[Dataset items]
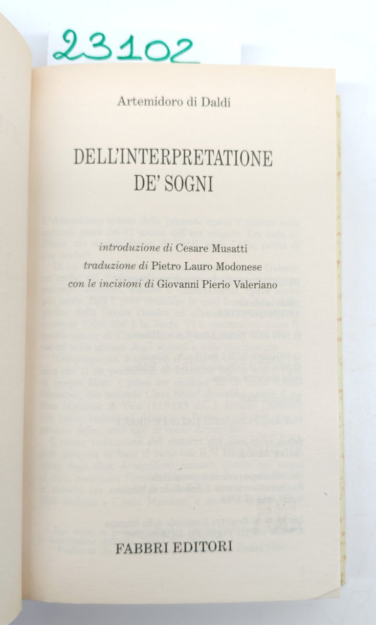 Artemidoro Dell'interpretazione dei sogni Fabbri ristampa 2000 | Libri antichi e moderni | Artemidoro
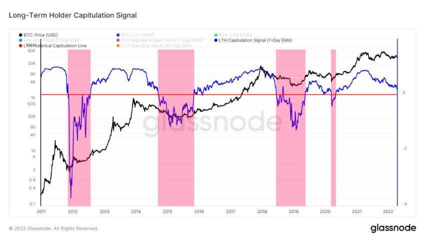 Сейчас этот показатель держится в районе уровня поддержки 62,5%, что сулит биткоину как возможность бычьего разворота тренда, так и риски капитуляции, которые также подтверждаются сигналом о капитуляции долгосрочных ходлеров (Long-Term Holder Capitulation Signal).
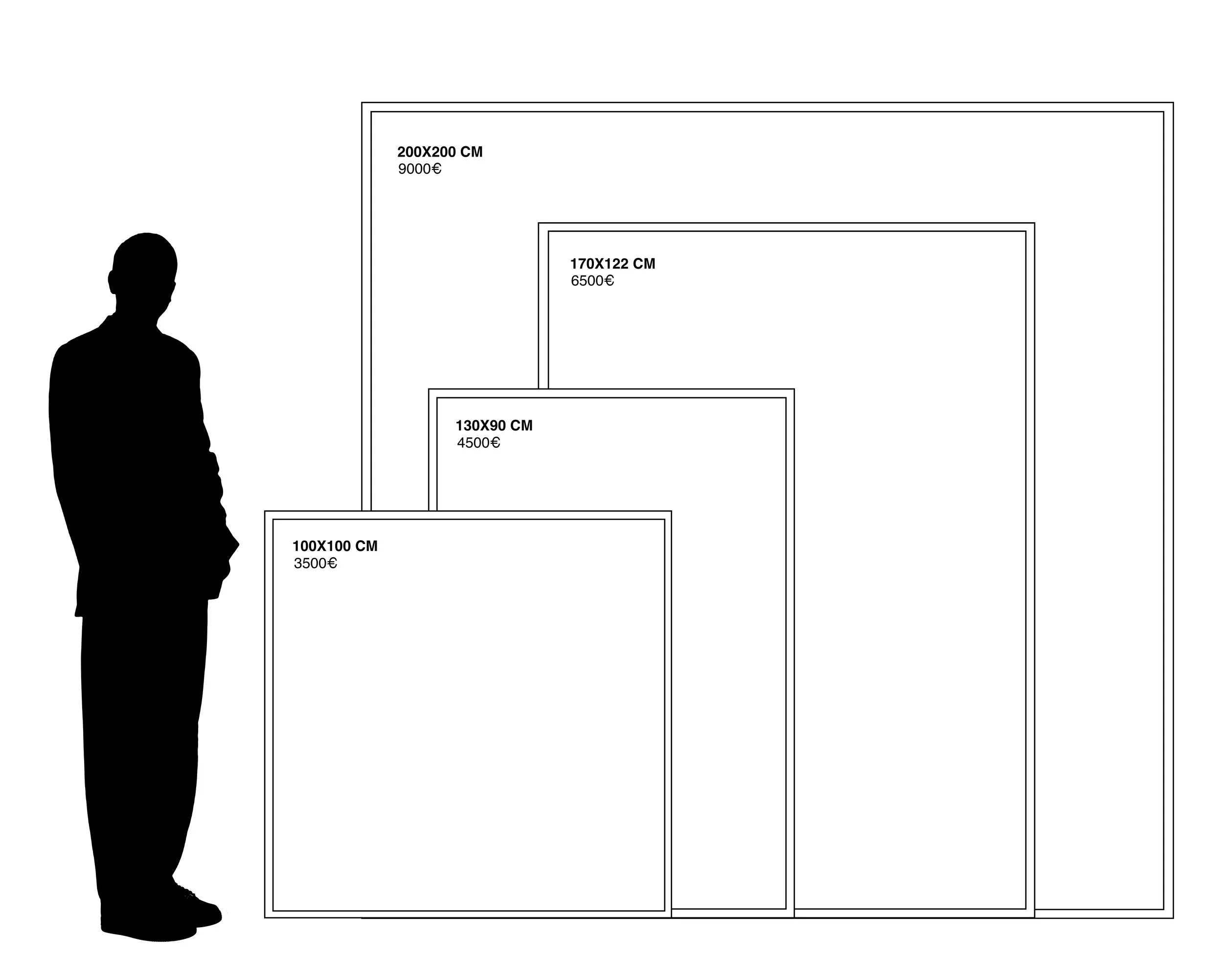 Custom sizes are available, please see the guide below for an indication of scale/price, any combination of dimensions is possible with the starting price of 3500€
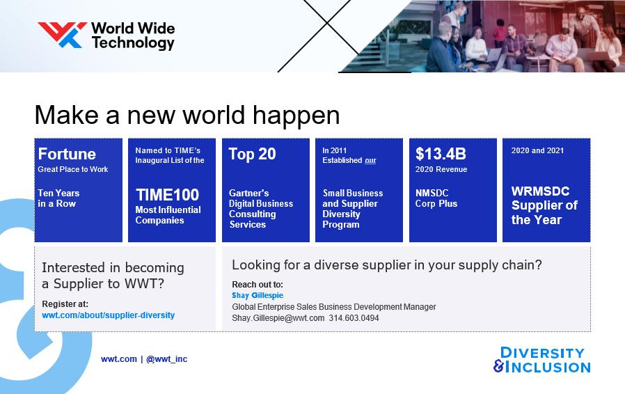 World Wide Technology (WWT), the largest black owned firm in the US, is a $13 billion global technology provider and systems integrator that technology products and services to large public and private organizations. WWT’s focus areas include infrastructure modernization, digital strategy, security transformation and multi cloud architecture.
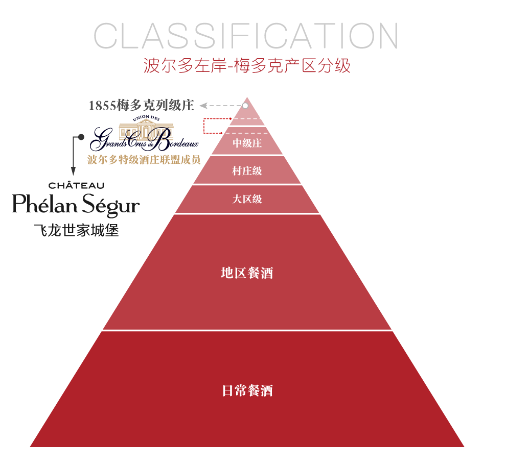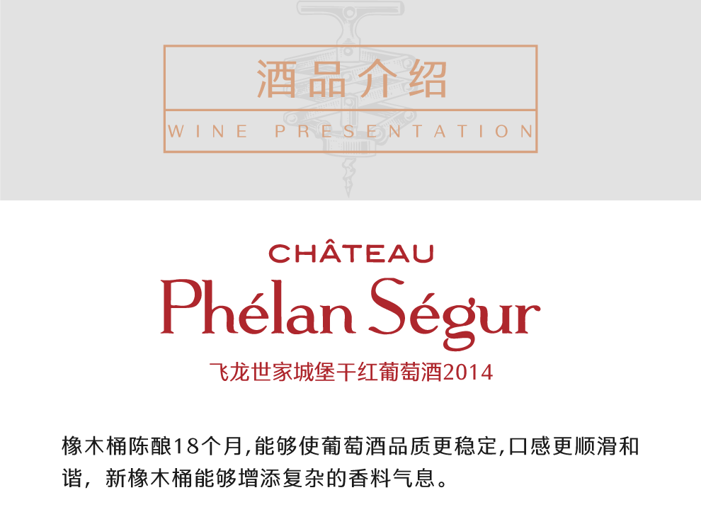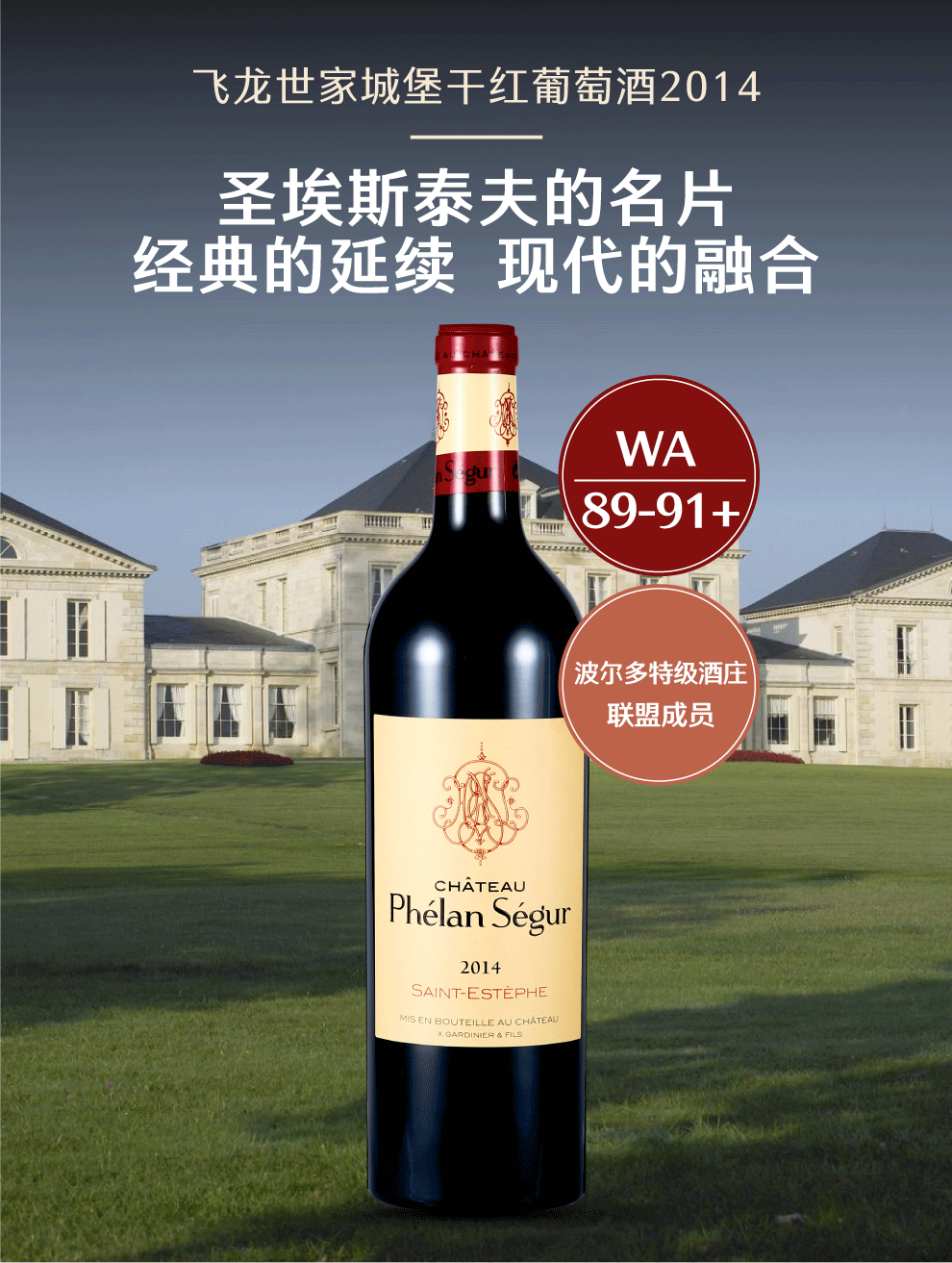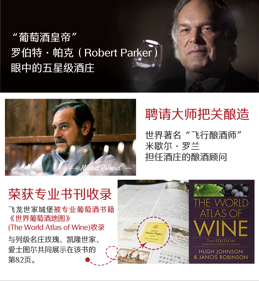 飞龙世家(Phelan Segur)酒庄获Robert Parker五星级酒庄的评级,远超过不少1855年的三、四、五级列级名庄的地位。2003年初,欧洲最权威的葡萄酒杂志Decanter评出全世界范围内最超值的五十大名酒中,飞龙世家榜上有名。飞龙世家的酒性正如她们的主人一样:大方、开扬、和顺、自然、平易近人。她中度酒体,单宁平和,木香丰富而且饱满,既可年轻饮用,又可陈放二十年(好年份可更长)。
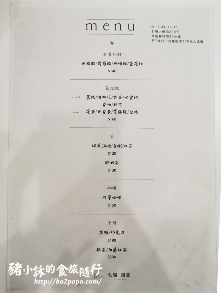 每人低消 280元,7歲以下兒童酌收100元入場費(當天毛毛因為有超過低消,所以這部分折抵)
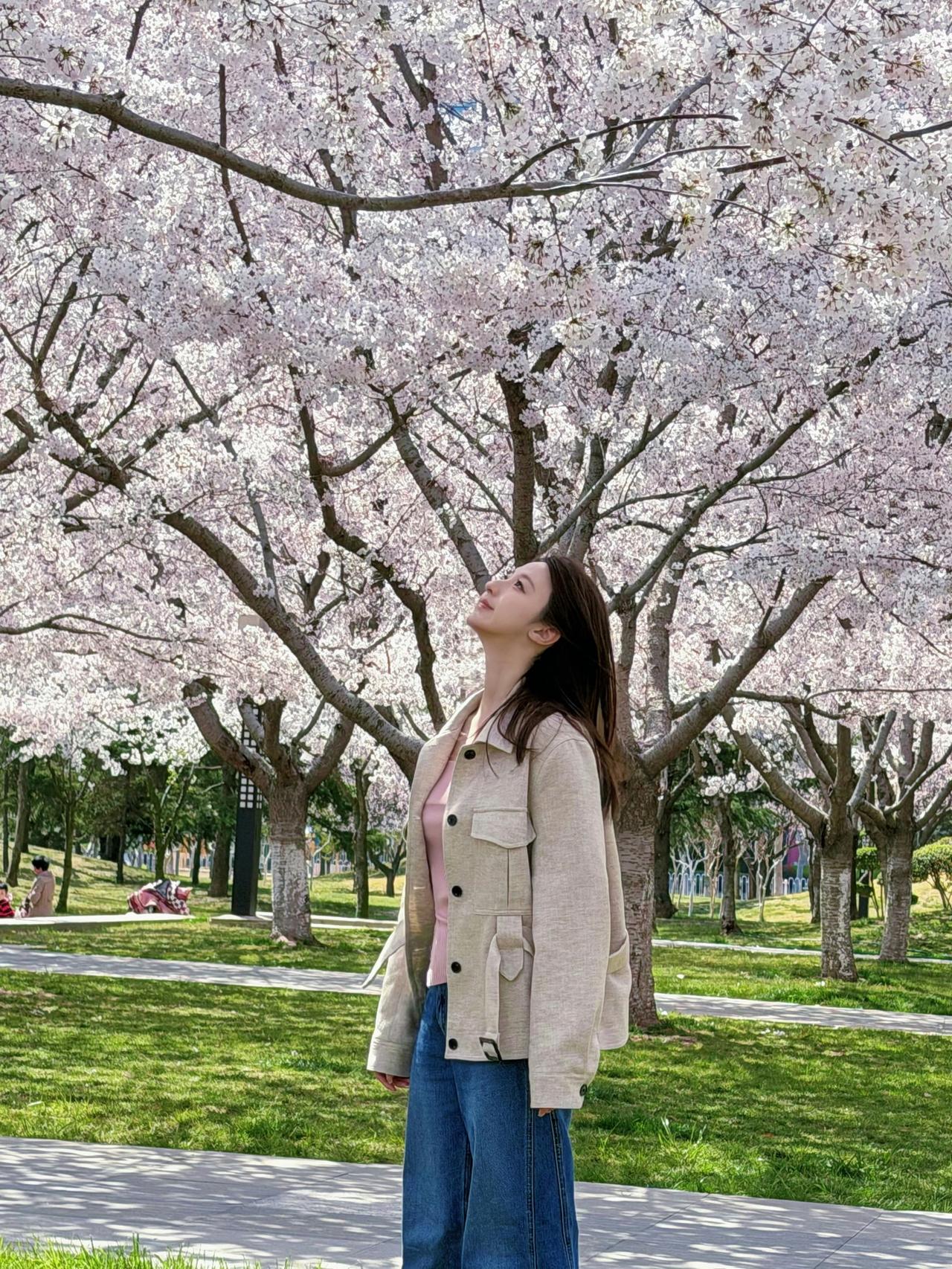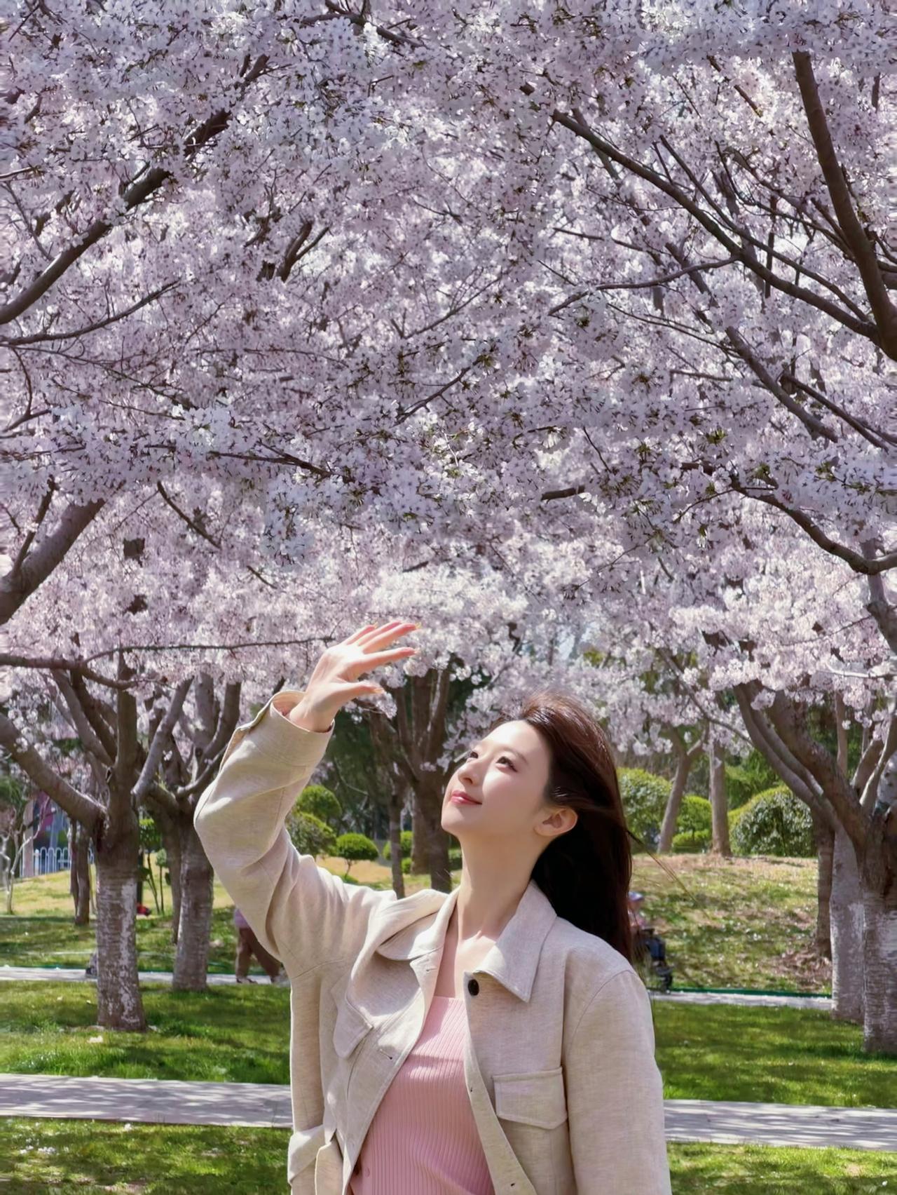 浅杏色外套+粉色内搭,温柔系穿搭yyds! 背靠满树粉樱,或漫步樱花大道, 利用

## Goal of the exercise:
Line by line, transcribe the records exactly, omitting the images.

## Response:
 Artemidoro Dell'interpretazione dei sogni Fabbri ristampa 2000 | Libri antichi e moderni | Artemidoro
 Сейчас этот показатель держится в районе уровня поддержки 62,5%, что сулит биткоину как возможность бычьего разворота тренда, так и риски капитуляции, которые также подтверждаются сигналом о капитуляции долгосрочных ходлеров (Long-Term Holder Capitulation Signal).
 Custom sizes are available, please see the guide below for an indication of scale/price, any combination of dimensions is possible with the starting price of 3500€
 World Wide Technology (WWT), the largest black owned firm in the US, is a $13 billion global technology provider and systems integrator that technology products and services to large public and private organizations. WWT’s focus areas include infrastructure modernization, digital strategy, security transformation and multi cloud architecture.
 飞龙世家(Phelan Segur)酒庄获Robert Parker五星级酒庄的评级,远超过不少1855年的三、四、五级列级名庄的地位。2003年初,欧洲最权威的葡萄酒杂志Decanter评出全世界范围内最超值的五十大名酒中,飞龙世家榜上有名。飞龙世家的酒性正如她们的主人一样:大方、开扬、和顺、自然、平易近人。她中度酒体,单宁平和,木香丰富而且饱满,既可年轻饮用,又可陈放二十年(好年份可更长)。
 每人低消 280元,7歲以下兒童酌收100元入場費(當天毛毛因為有超過低消,所以這部分折抵)
 浅杏色外套+粉色内搭,温柔系穿搭yyds! 背靠满树粉樱,或漫步樱花大道, 利用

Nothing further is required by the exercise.